E. PARA ALÉM DE QUE A SITUAÇÃO VIGORAVA HÁ MAIS DE 3 ANOS, SEM QUALQUER ATUAÇÃO DO AUTOR, ORA [A]PELADO, NO SENTIDO DE TAL SER FUNDAMENTO DA RESOLUÇÃO DO CONTRATO DE TRABALHO COM JUSTA CAUSA.
F. E O MESMO SE DIGA QUANTO AO OUTRO “GRUPO” DE FACTOS QUE A DOUTA DECISÃO CONSIDEROU NÃO ESTAR CADUCADO O DIREITO DE RESOLUÇÃO DO CONTRATO DE TRABALHO COM JUSTA CAUSA POR INICIATIVA DO APELADO, A SABER: - TRABALHO PRESTADO PARA ALÉM DO SEU HORÁRIO DE TRABALHO QUE A R. NUNCA TERÁ REMUNERADO (4H SEMANAIS) E BEM ASSIM AO SUBSÍDIO MENSAL DE FALHAS NO VALOR DE € 40,00 E AO VALOR DO SUBSÍDIO DE ALIMENTAÇÃO PAGO, SEGUNDO O A., COM UM VALOR CORRESPONDENTE A UM HORÁRIO DE TRABALHO PARCIAL.
G. O APELADO HÁ MUITO SABIA DESTAS (ALEGADAS) CONDIÇÕES QUANTO AO TRABALHO PRESTADO PARA ALÉM DO SEU HORÁRIO DE TRABALHO (QUE DIGA-SE ESTÁ EM ABSOLUTA CONTRADIÇÃO COM TUDO O QUE ALEGA QUANTO À QUESTÃO DA ALEGADA ALTERAÇÃO DO SEU HORÁRIO DE TRABALHO OCORRIDA EM 2019), POIS QUE ALEGA QUE TAL ACONTECIA DESDE O INÍCIO DA RELAÇÃO LABORAL (MAS NÃO CONCRETIZANDO A EM QUE AMPLITUDE DE HORÁRIO TAL SE VERIFICAVA).
H. NÃO CONCRETIZANDO QUANDO SE TERÁ VERIFICADO A RETIRADA DO SUBSÍDIO MENSAL DE FALHAS, POIS QUE NÃO SE PERCEBE, DA ALEGAÇÃO VERTIDA NA PETIÇÃO INICIAL, QUANDO TAL FOI RETIRADO PELA APELANTE, NEM PORQUÊ. NADA!

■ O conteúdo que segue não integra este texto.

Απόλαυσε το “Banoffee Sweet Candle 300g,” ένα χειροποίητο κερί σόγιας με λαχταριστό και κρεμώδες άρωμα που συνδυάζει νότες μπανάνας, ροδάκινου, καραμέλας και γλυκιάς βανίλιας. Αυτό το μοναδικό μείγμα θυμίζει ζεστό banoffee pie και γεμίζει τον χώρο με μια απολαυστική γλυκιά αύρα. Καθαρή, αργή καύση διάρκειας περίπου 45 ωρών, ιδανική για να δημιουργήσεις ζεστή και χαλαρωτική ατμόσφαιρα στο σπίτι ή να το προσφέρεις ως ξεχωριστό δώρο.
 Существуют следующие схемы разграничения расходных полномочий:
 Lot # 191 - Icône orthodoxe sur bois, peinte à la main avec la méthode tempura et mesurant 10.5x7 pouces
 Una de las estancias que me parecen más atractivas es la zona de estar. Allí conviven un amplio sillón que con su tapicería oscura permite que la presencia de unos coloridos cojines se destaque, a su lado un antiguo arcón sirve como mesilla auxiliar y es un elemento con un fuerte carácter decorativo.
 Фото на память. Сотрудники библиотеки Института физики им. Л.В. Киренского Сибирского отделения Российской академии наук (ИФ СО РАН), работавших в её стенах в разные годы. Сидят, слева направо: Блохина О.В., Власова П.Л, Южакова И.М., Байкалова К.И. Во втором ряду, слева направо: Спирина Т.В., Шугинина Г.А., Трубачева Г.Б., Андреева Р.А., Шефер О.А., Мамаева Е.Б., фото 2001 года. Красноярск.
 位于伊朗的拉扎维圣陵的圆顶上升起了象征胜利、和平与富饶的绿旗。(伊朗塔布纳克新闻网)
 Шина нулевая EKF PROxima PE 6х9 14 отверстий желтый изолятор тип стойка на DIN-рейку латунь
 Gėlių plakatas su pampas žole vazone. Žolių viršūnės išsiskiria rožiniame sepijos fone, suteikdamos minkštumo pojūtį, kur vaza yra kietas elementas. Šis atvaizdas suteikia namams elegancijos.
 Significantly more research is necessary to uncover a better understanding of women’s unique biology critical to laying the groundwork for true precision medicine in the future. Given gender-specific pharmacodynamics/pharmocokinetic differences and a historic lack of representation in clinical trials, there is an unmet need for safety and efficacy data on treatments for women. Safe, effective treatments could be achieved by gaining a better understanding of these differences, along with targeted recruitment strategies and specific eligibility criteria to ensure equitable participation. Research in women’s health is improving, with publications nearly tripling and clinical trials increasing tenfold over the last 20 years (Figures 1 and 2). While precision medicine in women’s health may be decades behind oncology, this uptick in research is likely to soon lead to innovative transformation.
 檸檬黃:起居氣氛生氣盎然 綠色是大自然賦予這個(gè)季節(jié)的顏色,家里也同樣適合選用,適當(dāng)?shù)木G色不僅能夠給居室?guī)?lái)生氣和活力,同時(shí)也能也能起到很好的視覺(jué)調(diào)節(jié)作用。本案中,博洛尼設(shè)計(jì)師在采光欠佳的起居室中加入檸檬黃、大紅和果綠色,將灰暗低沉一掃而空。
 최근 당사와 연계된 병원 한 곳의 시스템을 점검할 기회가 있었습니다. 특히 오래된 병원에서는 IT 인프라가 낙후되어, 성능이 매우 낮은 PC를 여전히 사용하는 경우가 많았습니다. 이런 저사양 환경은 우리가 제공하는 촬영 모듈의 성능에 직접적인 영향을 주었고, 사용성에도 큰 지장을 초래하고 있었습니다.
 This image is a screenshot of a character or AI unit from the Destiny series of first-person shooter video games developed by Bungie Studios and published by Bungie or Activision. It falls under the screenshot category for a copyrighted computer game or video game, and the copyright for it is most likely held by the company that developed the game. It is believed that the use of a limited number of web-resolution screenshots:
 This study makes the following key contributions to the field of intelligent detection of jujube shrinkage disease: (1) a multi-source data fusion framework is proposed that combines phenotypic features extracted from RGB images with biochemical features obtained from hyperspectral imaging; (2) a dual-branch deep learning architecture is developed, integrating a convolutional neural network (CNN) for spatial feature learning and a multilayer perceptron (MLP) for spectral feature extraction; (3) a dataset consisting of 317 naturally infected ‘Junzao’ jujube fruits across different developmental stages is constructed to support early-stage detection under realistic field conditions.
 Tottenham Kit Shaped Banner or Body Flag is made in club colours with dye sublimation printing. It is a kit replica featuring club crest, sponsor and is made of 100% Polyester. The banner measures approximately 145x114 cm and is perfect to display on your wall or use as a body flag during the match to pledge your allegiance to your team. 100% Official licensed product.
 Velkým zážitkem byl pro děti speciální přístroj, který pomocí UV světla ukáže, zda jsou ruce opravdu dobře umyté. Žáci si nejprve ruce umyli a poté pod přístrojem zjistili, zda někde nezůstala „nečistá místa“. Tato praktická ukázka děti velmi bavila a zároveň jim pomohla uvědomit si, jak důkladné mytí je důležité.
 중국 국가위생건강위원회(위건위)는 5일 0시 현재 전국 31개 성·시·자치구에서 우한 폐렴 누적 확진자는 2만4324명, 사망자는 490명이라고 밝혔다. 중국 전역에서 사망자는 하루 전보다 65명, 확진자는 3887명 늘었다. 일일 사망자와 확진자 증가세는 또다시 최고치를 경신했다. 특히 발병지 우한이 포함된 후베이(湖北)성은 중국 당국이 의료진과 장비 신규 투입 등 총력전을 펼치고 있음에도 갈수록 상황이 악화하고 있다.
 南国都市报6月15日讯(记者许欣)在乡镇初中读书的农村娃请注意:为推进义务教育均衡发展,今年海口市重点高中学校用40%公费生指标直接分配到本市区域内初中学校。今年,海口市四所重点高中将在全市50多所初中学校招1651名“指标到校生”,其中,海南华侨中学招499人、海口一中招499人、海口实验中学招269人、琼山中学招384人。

I. ADEMAIS, E QUANTO AO SUBSÍDIO DE ALIMENTAÇÃO PAGO COMO SE DE UM HORÁRIO DE TRABALHO PARCIAL DE TRATASSE, IGNORANDO, NESTA SEDE, A SUA LEGALIDADE, TAMBÉM ERA, HÁ MUITO, DO CONHECIMENTO DO AUTOR, ORA APELADO.
J. PELO QUE ESTE CONJUNTO DE FACTOS ERA, DO CONHECIMENTO DO APELADO HÁ MUITO MAIS DE 30 DIAS AQUANDO DO ENVIO DA CARTA DE RESOLUÇÃO DO CONTRATO DE TRABALHO POR INICIATIVA DO TRABALHADOR, ORA APELADO, QUE OCORREU A 18 DE MARÇO DE 2022.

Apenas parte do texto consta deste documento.